Innovation: Yoga to relieve asthma-related problems

Owen Nyaka, CNS Correspondent, Malawi
Yoga has gained global popularity as a form of exercise with general life-style benefits, and recent studies have investigated the potential of yoga to relieve asthma-related problems. A global independent network of researchers, professionals, patients, carers and people interested in health (Cochrane) recently published a systematic review on the benefits of Yoga for asthma patients. The authors reviewed 15 randomised controlled studies, which involved 1,048 men and women with asthma.

A new Cochrane Review, published on Wednesday April 27, 2016 says that yoga may have a beneficial effect on symptoms and quality of life in people with asthma, but effects on lung function and medication use are uncertain because the results varied. Most of the studies were conducted in India, followed by Europe and the United States. The majority of participants had mild to moderate asthma for 6 months to more than 23 years. Six studies looked into the effects of breathing alone during yoga exercise, whilst the other studies assessed the effects of yoga that included breathing, posture and mediation. The results of five studies indicate evidence that practicing yoga might be able to improve asthma patients’ quality of life and symptoms to some extent. However, researchers warned that higher-quality studies with more participants would be needed to draw any firm conclusion about the effects of yoga. The effects of yoga on medication use and any side-effects of yoga are also uncertain, because only a few very small studies reported these outcomes.

A-lead author, Dr.

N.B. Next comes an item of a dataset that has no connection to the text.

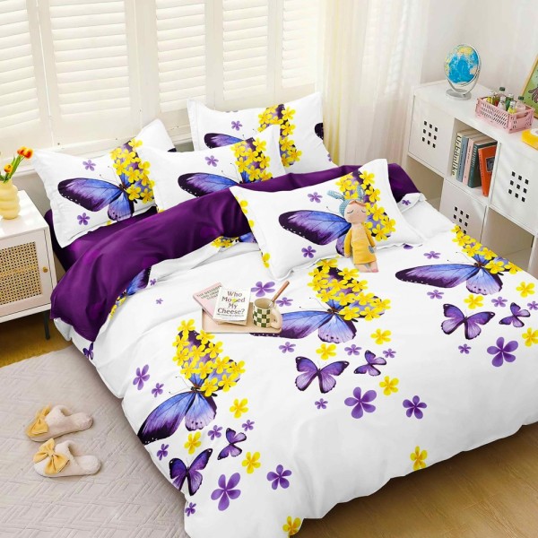 Lenjerie pat dublu, bumbac satinat, cu elastic, Alb, Mov, fluturi, Johny Home Pucioasa, cod produs: SPR-E-126

Zuyao Yang from the Jockey Club School of Public Health and Primary Care, at the Chinese University of Hong Kong commented in a press release, “Our findings suggest that yoga exercise may lead to small improvements in asthma quality of life and symptoms. However, it is unclear whether yoga has a consistent impact on lung function and we don’t yet know if yoga can reduce people’s medication usage, or if there are any side-effects of yoga for people with asthma.” Deputy Co-ordinating Editor of the Cochrane Airways Group, Rebecca Normansell said in a statement, “At present, we just don’t have enough high quality evidence to determine the effects of yoga as a type of exercise for helping people manage their asthma.

“Because there is uncertainty about the effects of yoga on lung function and use of asthma medication, it’s important that people with asthma continue to take their medication, as prescribed. The findings of this Cochrane Review will help people make more informed choices about their future treatment options.” Asthma is a common chronic disease affecting about 300 million people worldwide. The many typical symptoms of asthma include wheezing, coughing, chest tightness and shortness of breath.

Reacting to the news, Dolesi Nankwenya, a 48-year old woman from the peri-urban slum of Mtandile in the outskirts of capital Lilongwe in Malawi found it very encouraging to note that a cross section of people are putting much effort to protect people with asthma. “It is my hope that sooner or later, a solution to treat asthma shall be found. If yoga can be approved am sure there shall also be ways for universal access to everyone-the less privileged, middle income and well to do people,” says Nankwenya.